Shannon: Production-Grade Multi-Agent Orchestration with Temporal

Most agent frameworks give you building blocks. Shannon gives you a production system.

Shannon Dashboard

Why Shannon Exists

Building AI agents is easy. Running them in production is hard.

After prototyping with LangGraph, CrewAI, or similar frameworks, teams hit the same walls:

Reliability: How do you reproduce bugs when LLM calls are non-deterministic?
Cost control: How do you prevent runaway token usage without killing performance?
Task complexity: How do you orchestrate 10+ agents with dependencies without manual DAG wiring?
Observability: Where did the tokens go? Which agent failed? What was the execution path?
Enterprise integration: How do you integrate proprietary APIs without forking the framework?

Shannon was built to solve these production problems from day one.

Architecture: Temporal + Rust + Go + Python

Shannon's hybrid architecture gives you the best of three worlds:

Temporal Workflows (Go)

The orchestration layer runs on Temporal, giving you:

Deterministic replay: Export any workflow execution and replay it locally to reproduce bugs
Built-in retries: Automatic retry logic with exponential backoff
Workflow versioning: Deploy new workflow versions without breaking running tasks
Durable execution: Tasks survive service restarts, network failures, and crashes

Unlike state machines in LangGraph or CrewAI's sequential execution, Temporal workflows are event-sourced and replay-safe. Every decision point is recorded. Every execution is reproducible.

Rust Agent Core

The enforcement layer handles:

WASI sandbox: Run untrusted Python code with no network access, read-only filesystem
gRPC gateway: High-performance agent execution with sub-millisecond overhead
Policy enforcement: OPA-based governance and approval workflows

Native-code performance where it matters most—security and networking.

Python LLM Service

The integration layer provides:

Multi-provider support: OpenAI, Anthropic, X.AI, Google Gemini, custom providers
MCP tools: Add tools via YAML config, no code changes required
Flexible scripting: Rapid prototyping for new agent behaviors

Keep LLM integration simple and extensible without sacrificing system reliability.
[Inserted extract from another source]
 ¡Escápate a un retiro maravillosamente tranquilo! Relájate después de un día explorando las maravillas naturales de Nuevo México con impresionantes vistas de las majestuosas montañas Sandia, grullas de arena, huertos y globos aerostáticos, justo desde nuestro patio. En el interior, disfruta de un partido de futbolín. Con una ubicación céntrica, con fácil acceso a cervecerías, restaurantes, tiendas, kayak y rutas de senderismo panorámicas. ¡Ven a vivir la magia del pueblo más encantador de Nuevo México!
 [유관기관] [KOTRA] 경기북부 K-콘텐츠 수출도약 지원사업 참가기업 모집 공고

Intelligent Workflow Orchestration

Shannon doesn't make you choose workflows manually. The orchestrator analyzes your task and routes it to the optimal execution pattern.
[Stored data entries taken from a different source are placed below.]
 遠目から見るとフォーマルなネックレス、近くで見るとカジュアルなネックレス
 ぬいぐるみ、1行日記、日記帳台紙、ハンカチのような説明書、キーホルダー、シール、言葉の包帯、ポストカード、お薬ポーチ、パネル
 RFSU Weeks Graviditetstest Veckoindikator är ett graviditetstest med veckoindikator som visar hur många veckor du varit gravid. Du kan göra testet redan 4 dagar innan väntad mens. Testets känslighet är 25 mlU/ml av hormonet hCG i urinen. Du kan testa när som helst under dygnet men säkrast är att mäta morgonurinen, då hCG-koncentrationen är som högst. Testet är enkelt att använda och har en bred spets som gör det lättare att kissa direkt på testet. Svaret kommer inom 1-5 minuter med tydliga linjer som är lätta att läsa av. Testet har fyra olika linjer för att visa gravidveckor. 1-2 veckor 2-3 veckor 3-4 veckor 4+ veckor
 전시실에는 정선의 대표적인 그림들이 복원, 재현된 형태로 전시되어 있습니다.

Automatic Workflow Selection

// Orchestrator routing logic (simplified)
if complexity < 0.3 && simpleByShape:
    → SimpleTaskWorkflow          // Single agent, fast path
else if len(subtasks) > 5 || hasDependencies:
    → SupervisorWorkflow          // Coordinate multiple agents
else if cognitiveStrategy == "react":
    → ReactWorkflow               // Reasoning loop with tools
else if cognitiveStrategy == "research":
    → ResearchWorkflow            // Multi-step research pipeline
else:
    → DAGWorkflow                 // Standard parallel execution

8+ Built-In Workflow Patterns

Core workflows:

SimpleTaskWorkflow: Single-agent execution (complexity < 0.3)
SupervisorWorkflow: Coordinates 5+ subtasks with dependencies
StreamingWorkflow: Real-time token streaming (single/multi-agent)
TemplateWorkflow: Pre-defined workflows for repeatable tasks

Strategy workflows:

DAGWorkflow: Fan-out/fan-in parallel execution
ReactWorkflow: Iterative reasoning + tool use (ReAct pattern)
ResearchWorkflow: Multi-step research with parallel source gathering, citation filtering, gap detection
ExploratoryWorkflow: Tree-of-Thoughts for complex decision-making
ScientificWorkflow: Hypothesis testing, debate, multi-perspective validation

No manual workflow wiring. No DAG construction. Just submit a task and Shannon picks the right pattern.

See multi-agent-workflow-architecture.md for full routing logic.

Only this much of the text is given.